LISTED ENTRIES >>
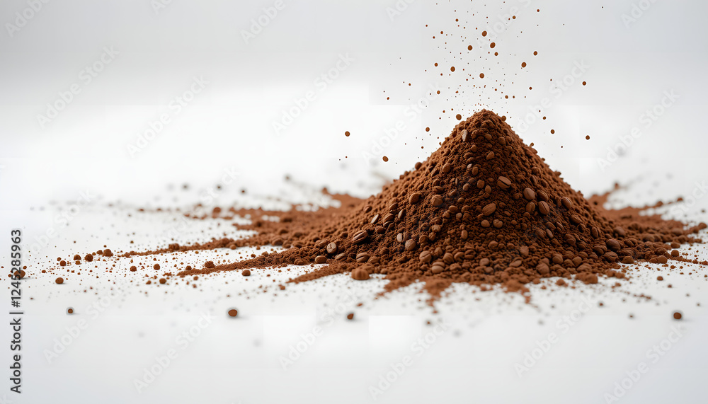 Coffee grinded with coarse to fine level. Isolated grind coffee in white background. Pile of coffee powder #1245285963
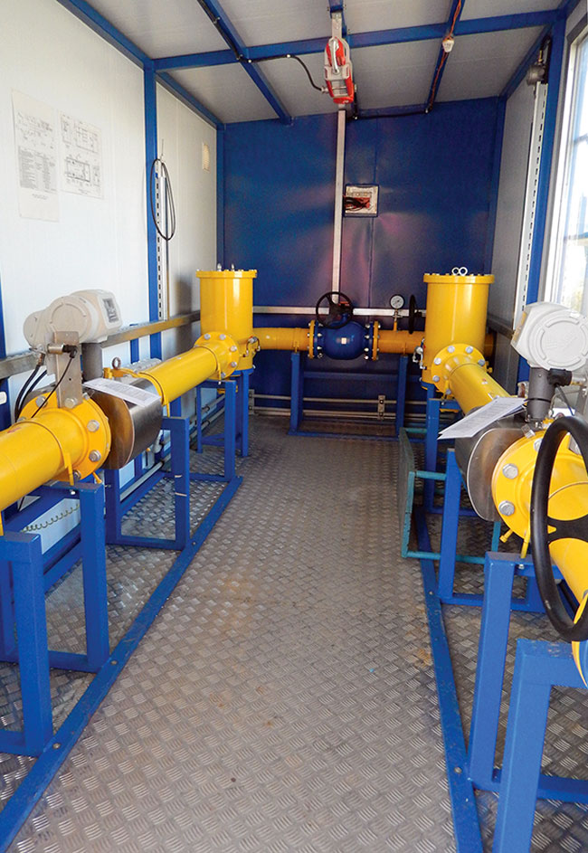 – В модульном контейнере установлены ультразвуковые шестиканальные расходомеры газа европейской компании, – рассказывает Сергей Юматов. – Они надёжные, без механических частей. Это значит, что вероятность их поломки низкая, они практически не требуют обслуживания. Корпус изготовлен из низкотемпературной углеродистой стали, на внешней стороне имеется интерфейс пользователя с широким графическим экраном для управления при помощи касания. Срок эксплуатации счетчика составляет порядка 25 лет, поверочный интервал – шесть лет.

* * *

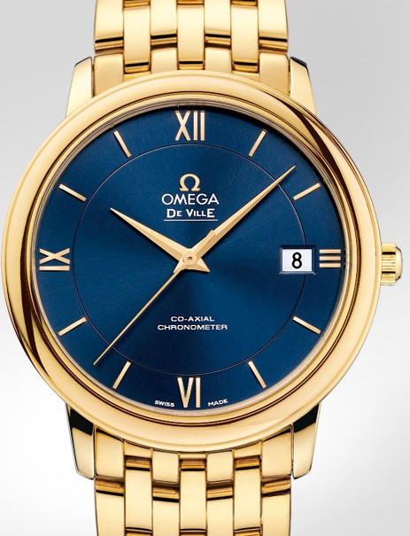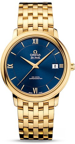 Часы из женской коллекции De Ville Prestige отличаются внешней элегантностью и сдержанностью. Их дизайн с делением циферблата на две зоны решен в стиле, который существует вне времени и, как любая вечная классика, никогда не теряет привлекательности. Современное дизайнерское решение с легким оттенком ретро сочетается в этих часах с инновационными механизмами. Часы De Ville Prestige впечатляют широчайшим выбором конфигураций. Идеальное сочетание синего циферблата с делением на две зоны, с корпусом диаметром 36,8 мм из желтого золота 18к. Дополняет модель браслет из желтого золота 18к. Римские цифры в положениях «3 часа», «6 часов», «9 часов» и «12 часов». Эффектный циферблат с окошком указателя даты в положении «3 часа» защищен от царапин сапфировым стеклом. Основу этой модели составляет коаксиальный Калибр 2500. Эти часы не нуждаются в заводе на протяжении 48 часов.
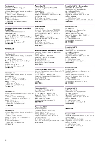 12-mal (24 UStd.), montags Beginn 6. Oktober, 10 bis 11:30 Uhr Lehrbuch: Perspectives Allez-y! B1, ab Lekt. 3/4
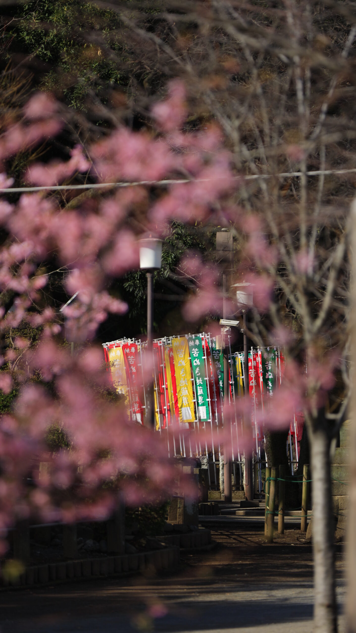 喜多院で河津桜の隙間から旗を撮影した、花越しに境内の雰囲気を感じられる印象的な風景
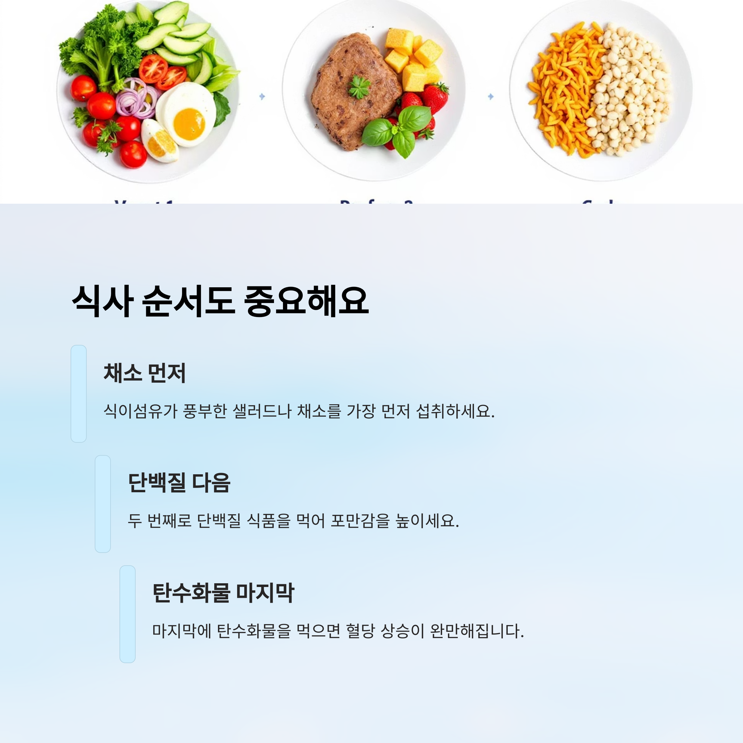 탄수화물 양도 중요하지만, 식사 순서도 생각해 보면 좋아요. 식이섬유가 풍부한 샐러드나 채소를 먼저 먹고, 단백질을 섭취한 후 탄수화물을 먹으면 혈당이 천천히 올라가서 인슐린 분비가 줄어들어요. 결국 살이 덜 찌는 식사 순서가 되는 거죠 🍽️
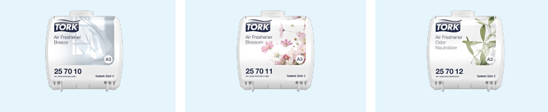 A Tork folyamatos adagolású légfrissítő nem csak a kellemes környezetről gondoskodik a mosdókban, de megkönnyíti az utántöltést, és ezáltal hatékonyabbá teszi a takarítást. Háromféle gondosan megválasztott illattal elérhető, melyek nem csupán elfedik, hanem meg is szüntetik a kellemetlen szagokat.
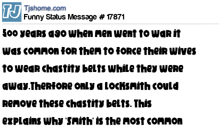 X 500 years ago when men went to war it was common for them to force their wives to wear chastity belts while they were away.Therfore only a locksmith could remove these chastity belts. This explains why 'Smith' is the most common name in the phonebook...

==

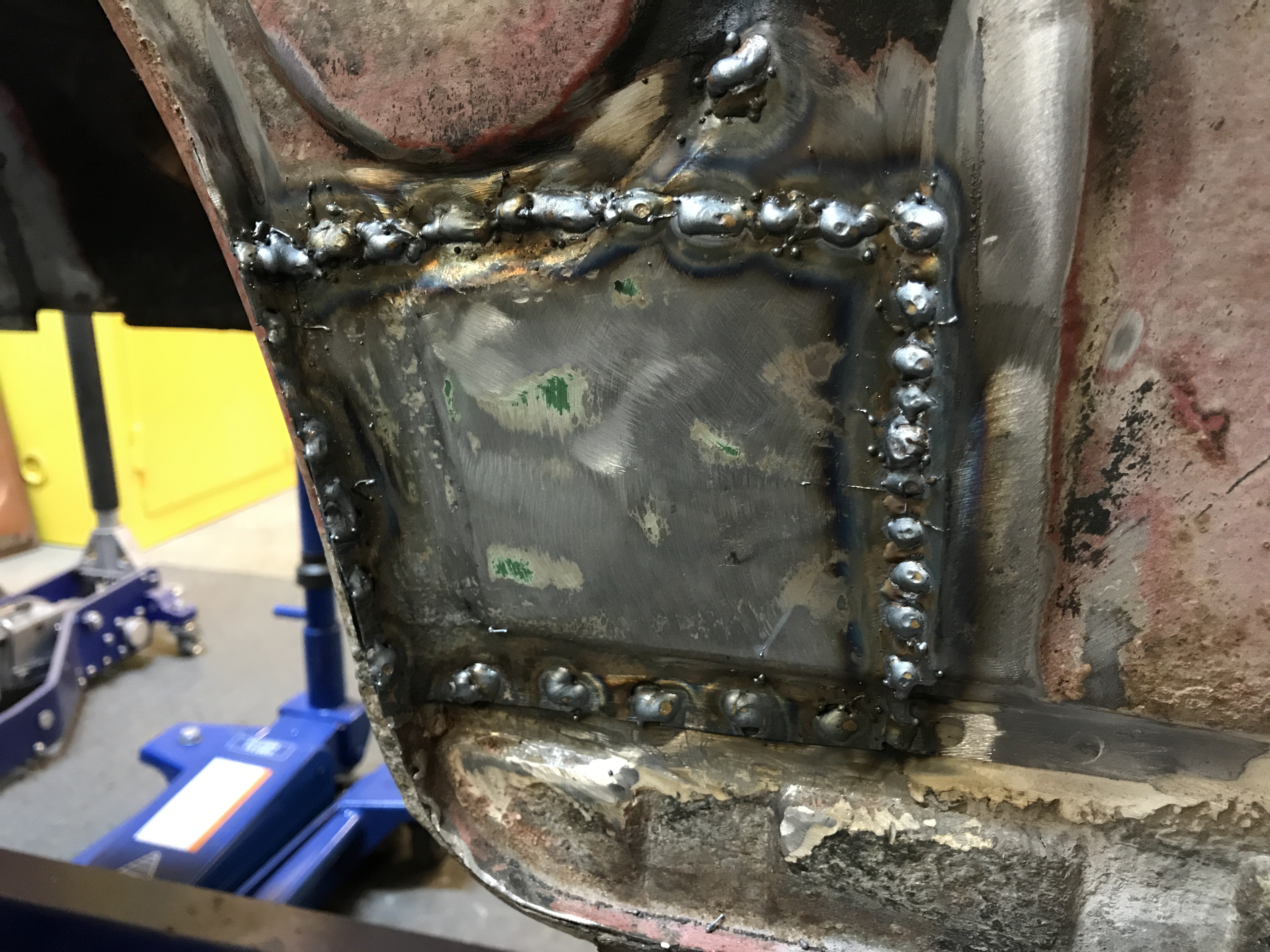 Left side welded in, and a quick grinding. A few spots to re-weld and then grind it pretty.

EXERCISE >> Pictures excluded, transcribe the listing above exactly from the line with "Coffee grinded with" through the line with "интервал – шесть лет.", and no further.

TASK SOLUTION >>
 Coffee grinded with coarse to fine level. Isolated grind coffee in white background. Pile of coffee powder #1245285963
 – В модульном контейнере установлены ультразвуковые шестиканальные расходомеры газа европейской компании, – рассказывает Сергей Юматов. – Они надёжные, без механических частей. Это значит, что вероятность их поломки низкая, они практически не требуют обслуживания. Корпус изготовлен из низкотемпературной углеродистой стали, на внешней стороне имеется интерфейс пользователя с широким графическим экраном для управления при помощи касания. Срок эксплуатации счетчика составляет порядка 25 лет, поверочный интервал – шесть лет.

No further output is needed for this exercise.